There’s a capacitor in the output circuit, so the resulting signal is AC-coupled and hence centered around 0V and 1.5 V peak-to-peak. There’s also a 1 pulse-per-second (PPS) output signal, with a 1 µs pulse (at first I thought it didn’t work, but the pulse is really there).

The big deal about such a Rubidium-based atomic clock is its accuracy. More on this tomorrow…

  1. Are you planning a new time zone? Jee Standard Time? A few more hours in the day would be nice :-)

    Maybe this explains my weak mobile signal, have the pikeys stopped stealing the copper and taken to shifting bits of mast equipment via ebay?!

  2. “it’s completely closed, ” Still closed ? Or did you look inside.

    • Nah, didn’t want to unmount it from the base plate it came on – there’s a teardown here if you’re interested.

  3. No, not the pikeys (for once) ! These units are on the market due to the tightening standards required for cell networks and reaching their predicted (very conservative) end of service life.
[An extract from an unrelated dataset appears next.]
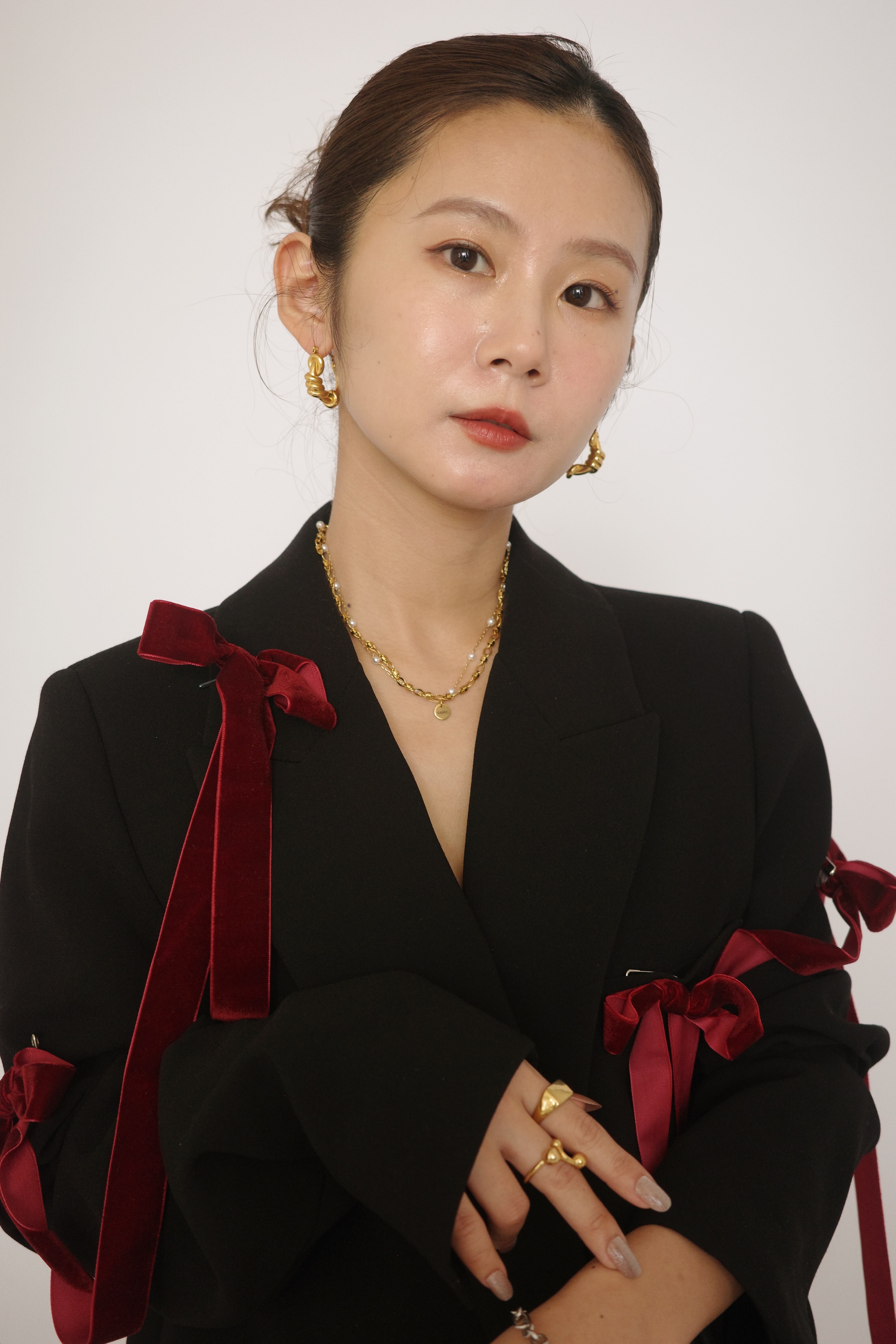 首元にアクセントを加え、どんなスタイリングにも馴染むデザインです

Though what actually wears out inside puzzles me.

    Just to get a sense of scale, Telcos use a heirarchy of clock precision, the top level requirement is a stable, 1 part in 10 to the eleventh power. Still struggling with the billions?

    That is about one second in 3,000 years….

    Beats Tag Heuer any day…. ;-)

    • Most of the FE-5680A units now on the market use a 60 MHz VCXO inside, which is locked to the Rb resonance and is also divided down for the 10 MHz output. This crystal oscillator has a long-term drift and eventually the center freq. is offset enough that it can’t be steered into lock at 60.000000 MHz. I suspect that is one of the first parts to “wear out”, or at least exceed a specified tolerance window. One of my 3 units would not lock for this reason, until I adjusted a trimmer (see also, FE-5680A FAQ http://www.ko4bb.com/dokuwiki/doku.php?id=precision_timing:fe5680a_faq ).

  4. A tad more exact on time: http://www.physorg.com/news184517462.html (one second off each 3.7 billion years)

  5. …and you think interfacing to SMD’s is tough – this is a single atom !

  6. I have a few 5680-A’s here , and a Trimble Thunderbolt to verify them against. They are nice units. Don’t reverse the 15v polarity … I just killed one :-( And get a Heatsink for the unit (even when mounted on the PCB), it can generate heat but needs the ability to “Dump it” to the surroundings.

    Timenuts has a page here http://www.ko4bb.com/dokuwiki/doku.php?id=precision_timing:fe5680a_faq

    And they also explain why the 1-PPS disappear if you drive a LED directly from the LOCK signal.